Months later, the Batas ng Api cast, including Mimi and her boyfriend, are now the lead players in their own TV shows. Arnaldo enters into a full-blown relationship with Gia and moves to her dimension. Gia goes on a date with Arnaldo at his apartment, as they laugh at Mauricia in her TV show struggling to clean the toilet as the sole owner of the now-dilapidated mansion used in Batas ng Api.

== Cast ==
===Main===
- Barbie Forteza as Gigi/Gia
- Eugene Domingo as Mauricia

===Supporting===
- Jameson Blake as Arnaldo
- Carmina Villarroel as Betty
- Ysabel Ortega as Mirinisa
- Yasser Marta as Abet
- Michael de Mesa
- Xyriel Manabat as Mimi
- Myrtle Sarrosa as Patricia "Peachy"
- Jonathan Tadioan as Jingo
- Jaime Fabregas as The Sponsor

===Cameos===
- Rez Cortez (Facial Expression)
- Dimples Romana (Insults)
- Odette Khan (Principal)
- Celia Rodriguez (History)
- Jean Garcia (Art)
- Pinky Amador (Languages)
- Gladys Reyes (Mathematics)
- Baron Geisler (Physical Education)
- Mylene Dizon (Science)
- Susan Africa (San Bida University instructor)

== Production ==
=== Development ===
Netflix announced the project on January 31, 2025. Early promotional photos showed the lead actresses in formal dresses with the tagline, "Bida or kontrabida, you decide." The film was written and directed by Chris Martinez. This marked a collaboration between Martinez and Domingo, who had previously worked together on the Kimmy Dora series and Ang Babae sa Septic Tank. The film has a runtime of one hour and 48 minutes.

=== Casting and themes ===
Eugene Domingo stated that the film highlights the contributions of "kontrabidas" (villains) to the industry. She noted that Filipino audiences might be evolving to root for characters who are assertive rather than just underdogs. To prepare for her role, Barbie Forteza used lessons she learned from an online acting masterclass she took with Cherie Gil during the COVID-19 pandemic. Forteza stated that the film explores how a "villainous" influence can change a person's life. The film includes a tribute to deceased actors known for villain roles, including Gil, Bella Flores, and Zeny Zabala.

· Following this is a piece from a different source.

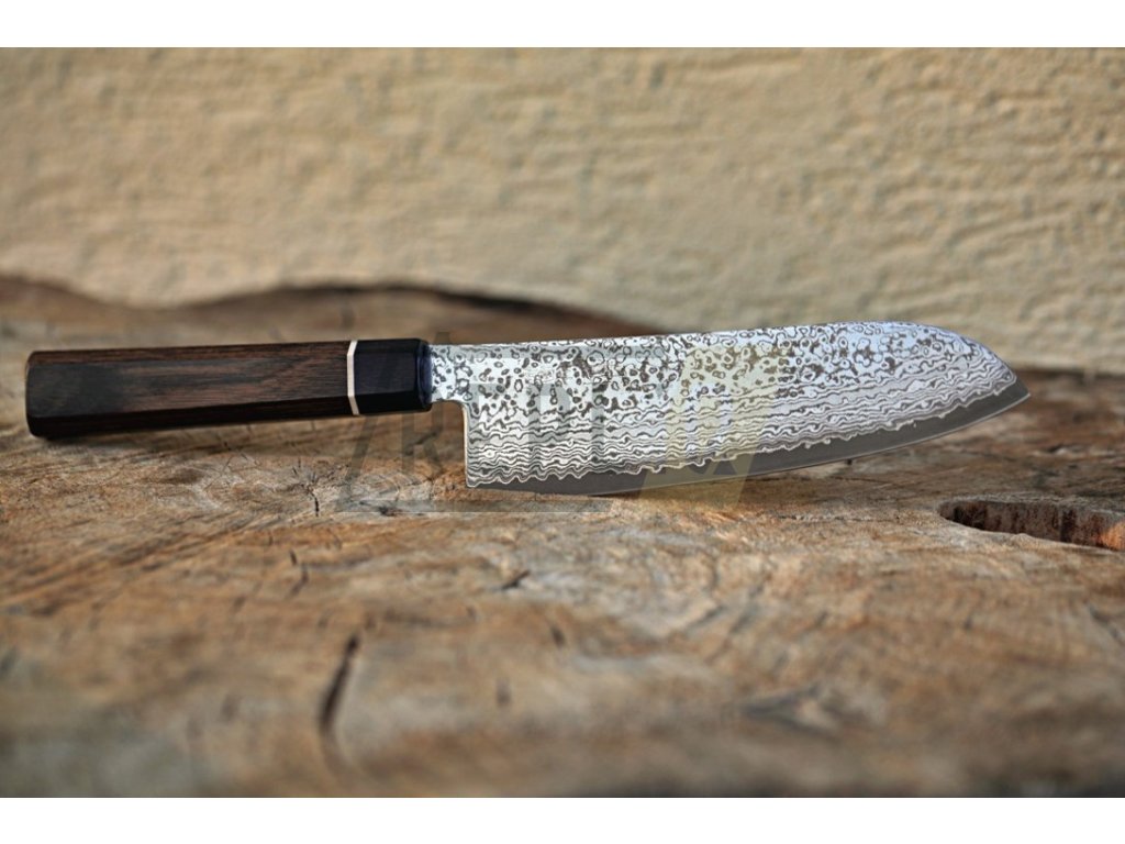 Japonský kuchyňský nůž Santoku/Chef Suncraft VG-10 Black Damascus

== Release and marketing ==
The official trailer was released in August 2025. To promote the film, Netflix held a launch event called the "Kontrabida Ball" at The Peninsula Manila. The event featured gothic decor, including crimson drapes and candlelit chandeliers. Attendees included the cast and iconic Philippine screen villains.

The film began streaming on Netflix on September 11, 2025. It was made available in over 200 countries.

== Reception ==
Kontrabida Academy reached the number one spot on the "Top 10 Movies in the Philippines Today" list on Netflix shortly after its release.

Fred Hawson of ABS-CBN News gave the film a positive review, praising Eugene Domingo for embracing the "villainy" of her role. He also complimented Barbie Forteza for her acting range during her character's transformation. However, Hawson criticized the scenes set at the "hero school," describing the fashion and subjects there as cliché. Rolling Stone Philippines called the film "camp with a capital K" and noted it as an ode to teleserye villains. Ica Hontiveros-Cheng of BusinessMirror wrote that the film is a "call to change." She interpreted the plot as a message that people should stand up for their rights against oppression.